Data ::
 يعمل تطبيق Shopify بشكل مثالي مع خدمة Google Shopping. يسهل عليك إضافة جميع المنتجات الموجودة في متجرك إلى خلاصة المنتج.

...

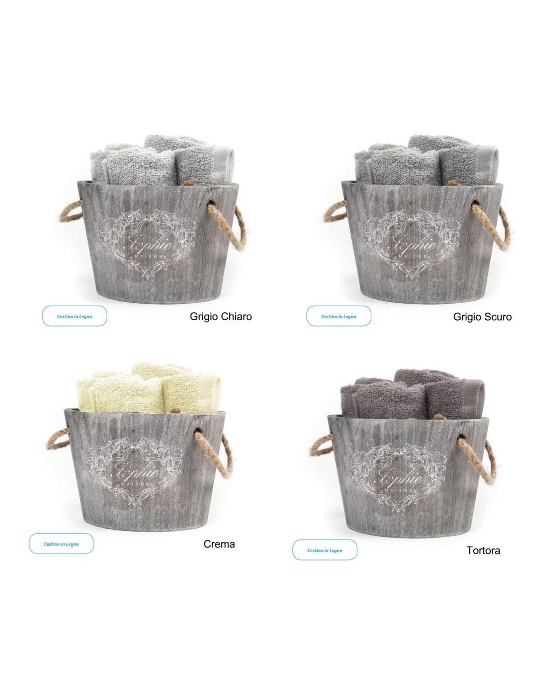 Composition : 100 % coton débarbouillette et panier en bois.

...

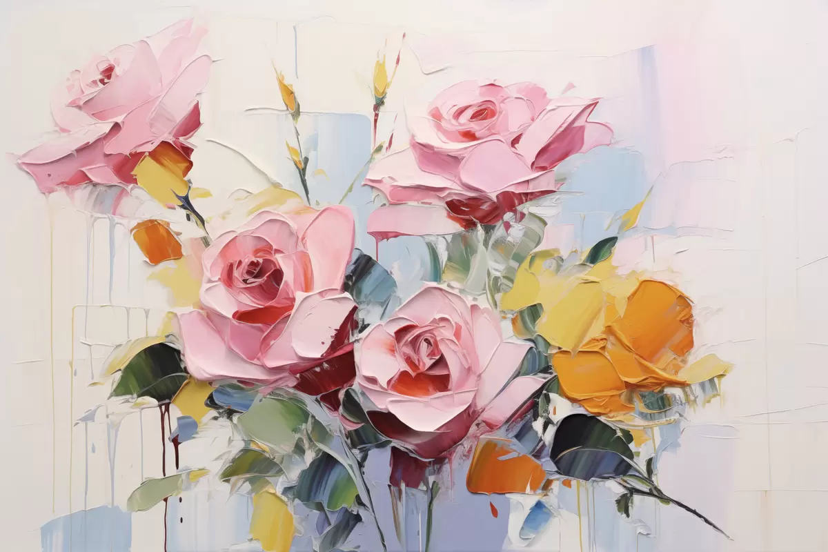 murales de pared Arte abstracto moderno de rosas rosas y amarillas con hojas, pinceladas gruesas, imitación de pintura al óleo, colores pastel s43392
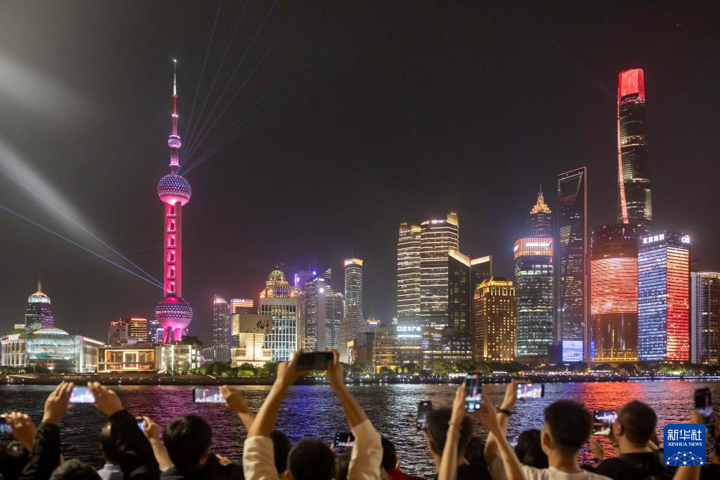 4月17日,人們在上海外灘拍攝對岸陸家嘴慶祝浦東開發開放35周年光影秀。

Task instructions :: Reproduce word for word, with pictures dropped, only the part of the material above that opens with the line containing "murales de pared" and closes with the line containing "4月17日,人們在上海外灘拍攝對岸陸家嘴慶祝浦東開發開放35周年光影秀。".

Answer section ::
 murales de pared Arte abstracto moderno de rosas rosas y amarillas con hojas, pinceladas gruesas, imitación de pintura al óleo, colores pastel s43392
 4月17日,人們在上海外灘拍攝對岸陸家嘴慶祝浦東開發開放35周年光影秀。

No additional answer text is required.